EXERCISE BRIEF: Would you please repeat exactly the entries below, starting at the line with "There are also" and ending at the line with "センターに入ったタックが、足", and nothing outside that range? Leave out the pictures.

*** DATA

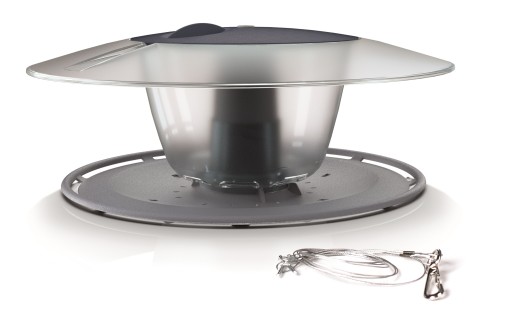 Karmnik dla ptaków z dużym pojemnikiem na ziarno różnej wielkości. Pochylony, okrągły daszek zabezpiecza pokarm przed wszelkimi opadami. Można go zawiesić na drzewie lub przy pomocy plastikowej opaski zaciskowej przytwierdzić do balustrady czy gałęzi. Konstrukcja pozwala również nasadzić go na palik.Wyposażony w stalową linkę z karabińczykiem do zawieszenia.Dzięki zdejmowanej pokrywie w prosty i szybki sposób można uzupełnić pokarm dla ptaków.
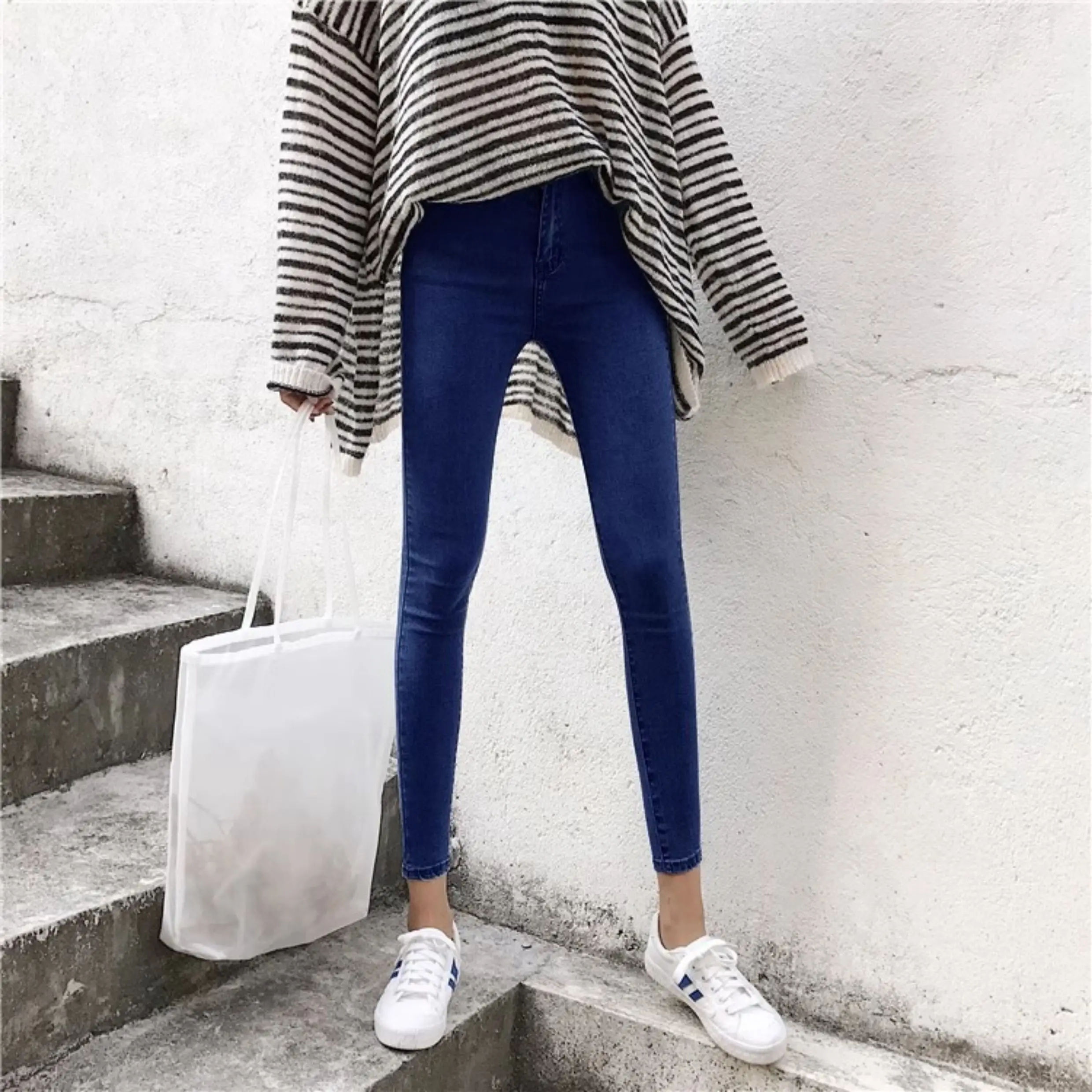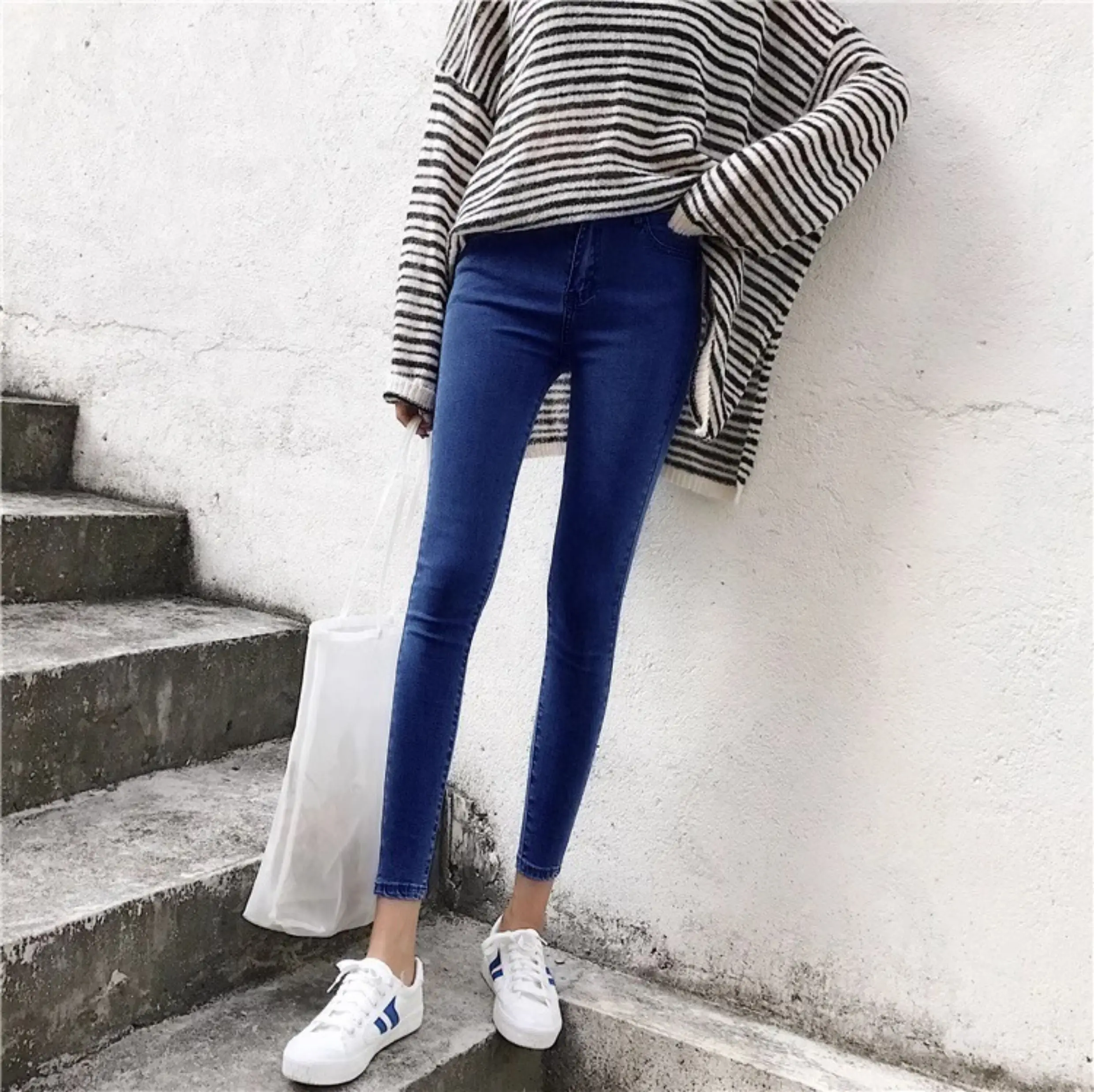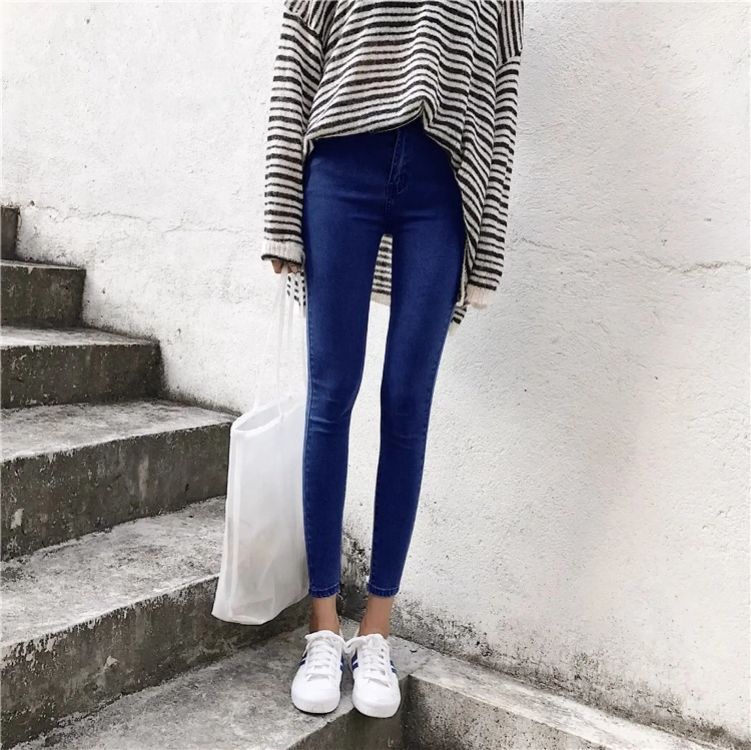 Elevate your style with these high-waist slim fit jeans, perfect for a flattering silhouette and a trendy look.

******
*** DATA

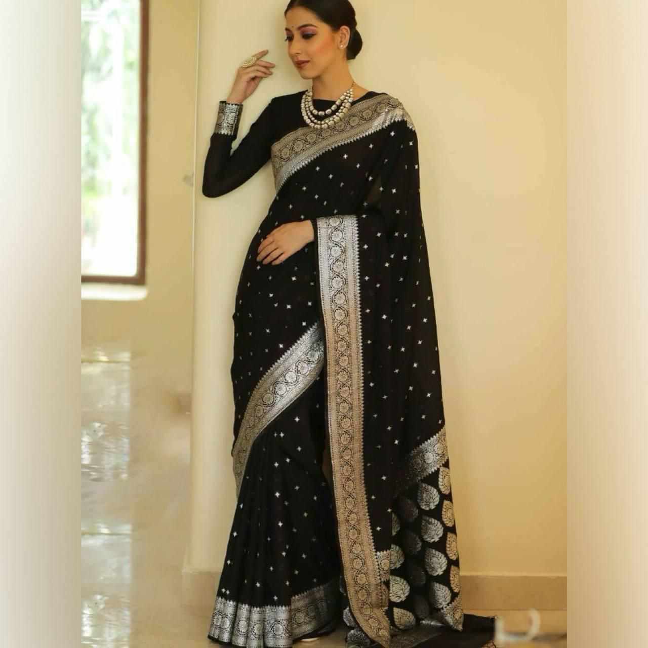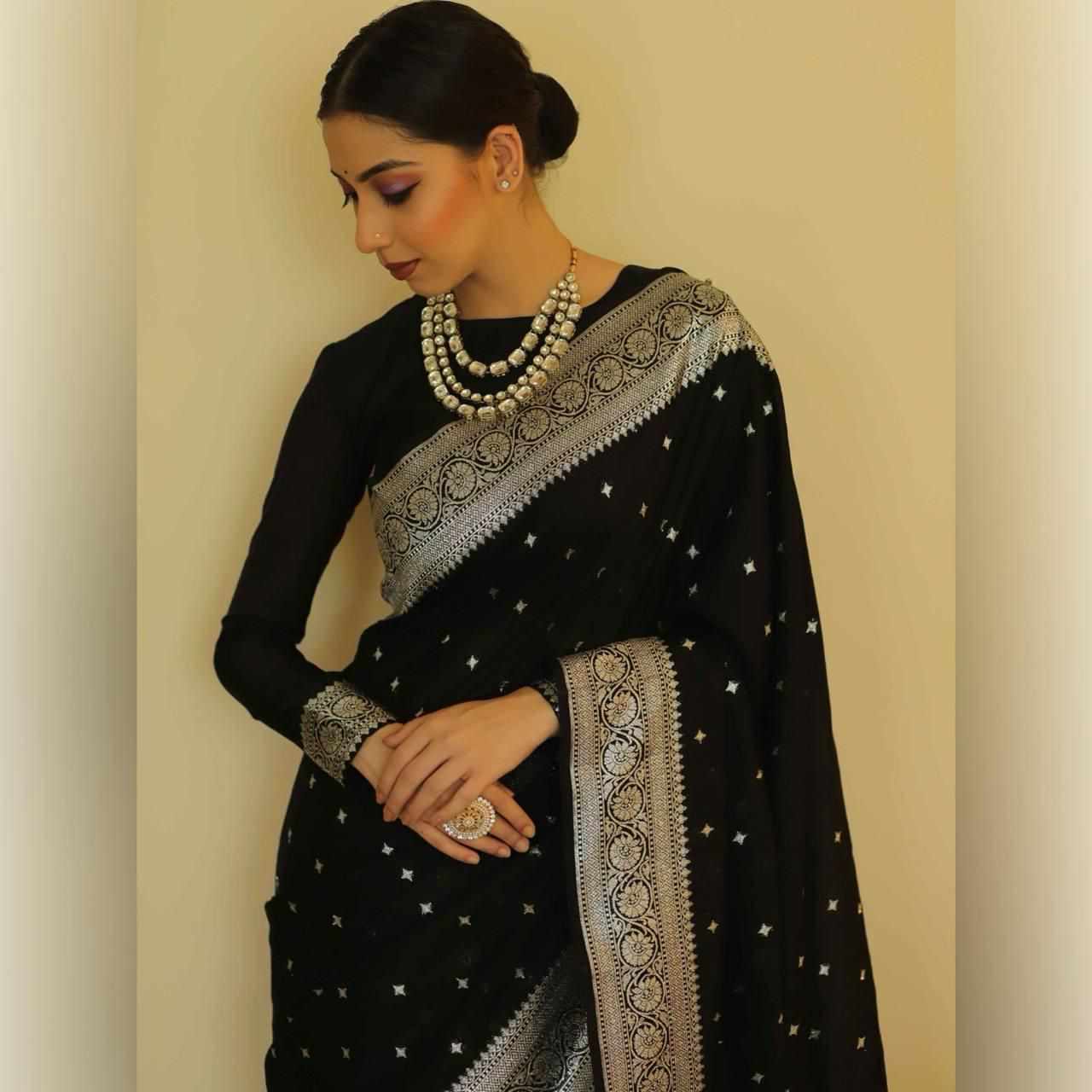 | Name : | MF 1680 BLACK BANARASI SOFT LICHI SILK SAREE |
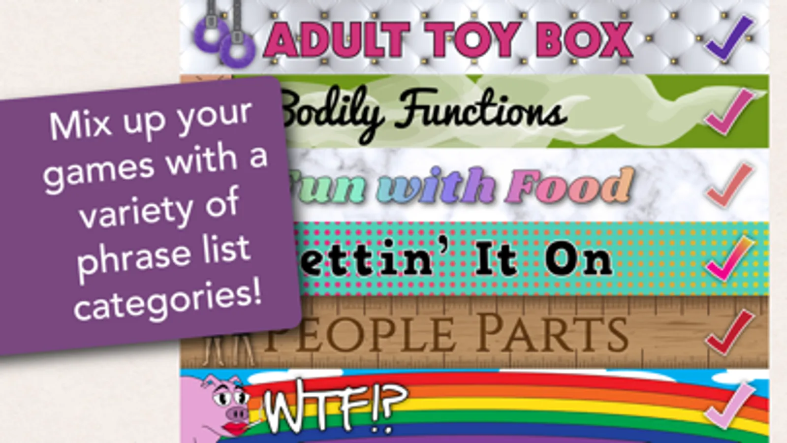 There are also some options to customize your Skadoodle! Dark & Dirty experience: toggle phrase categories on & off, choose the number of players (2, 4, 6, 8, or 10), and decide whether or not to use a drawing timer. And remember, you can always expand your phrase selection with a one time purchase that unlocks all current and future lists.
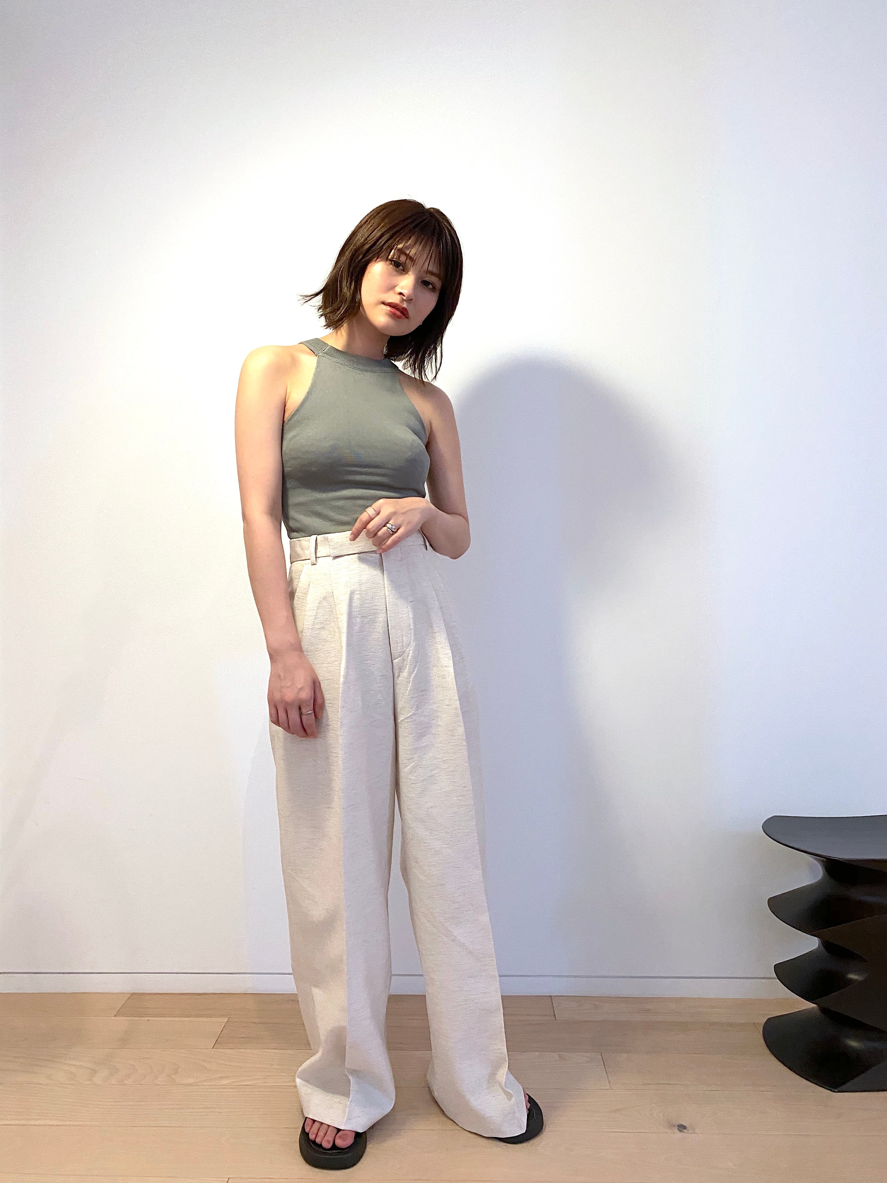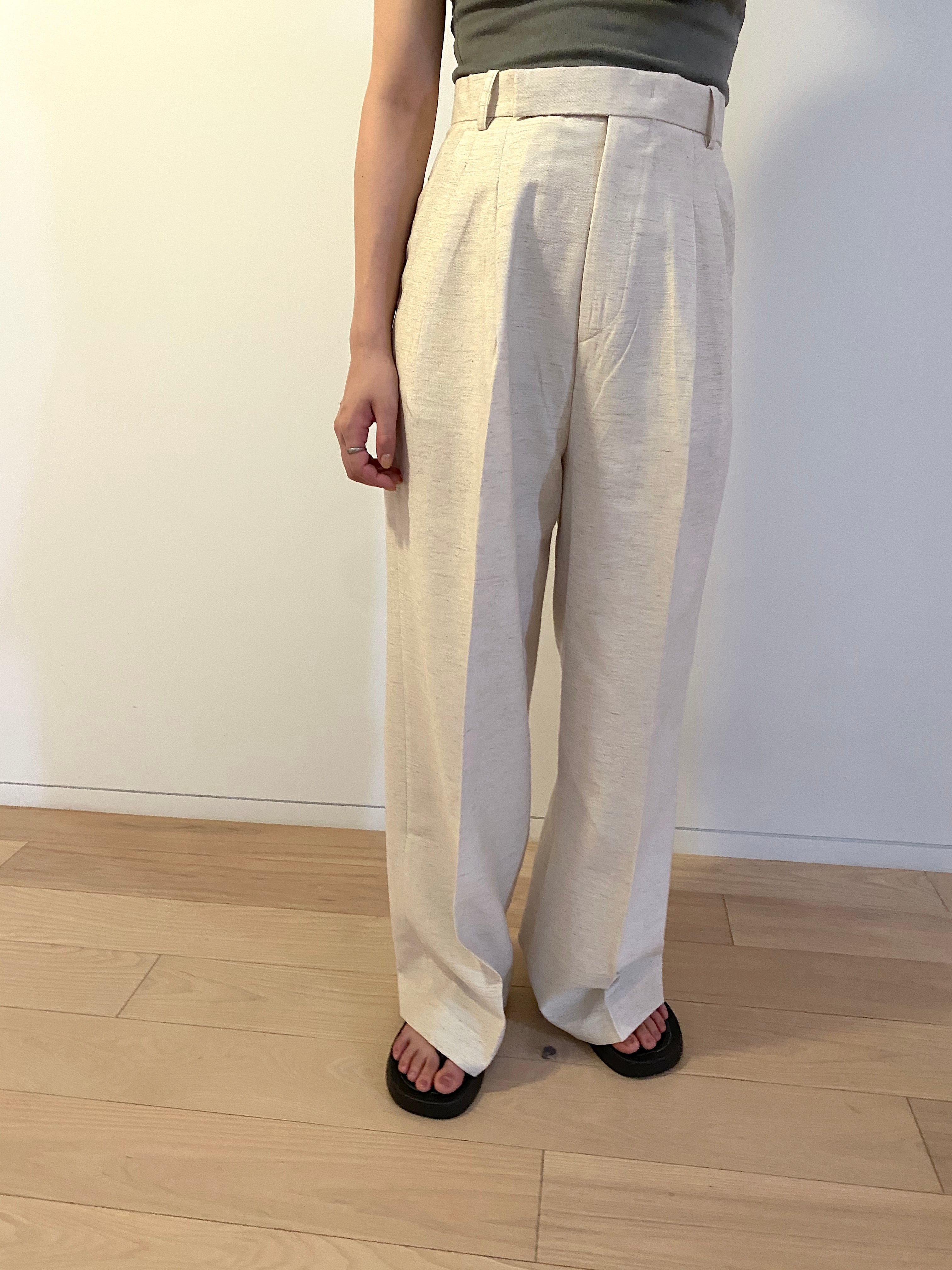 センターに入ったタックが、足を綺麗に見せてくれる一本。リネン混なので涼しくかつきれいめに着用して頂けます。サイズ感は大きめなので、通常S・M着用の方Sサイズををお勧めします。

******

SOLVED PROBLEM:
 There are also some options to customize your Skadoodle! Dark & Dirty experience: toggle phrase categories on & off, choose the number of players (2, 4, 6, 8, or 10), and decide whether or not to use a drawing timer. And remember, you can always expand your phrase selection with a one time purchase that unlocks all current and future lists.
 センターに入ったタックが、足を綺麗に見せてくれる一本。リネン混なので涼しくかつきれいめに着用して頂けます。サイズ感は大きめなので、通常S・M着用の方Sサイズををお勧めします。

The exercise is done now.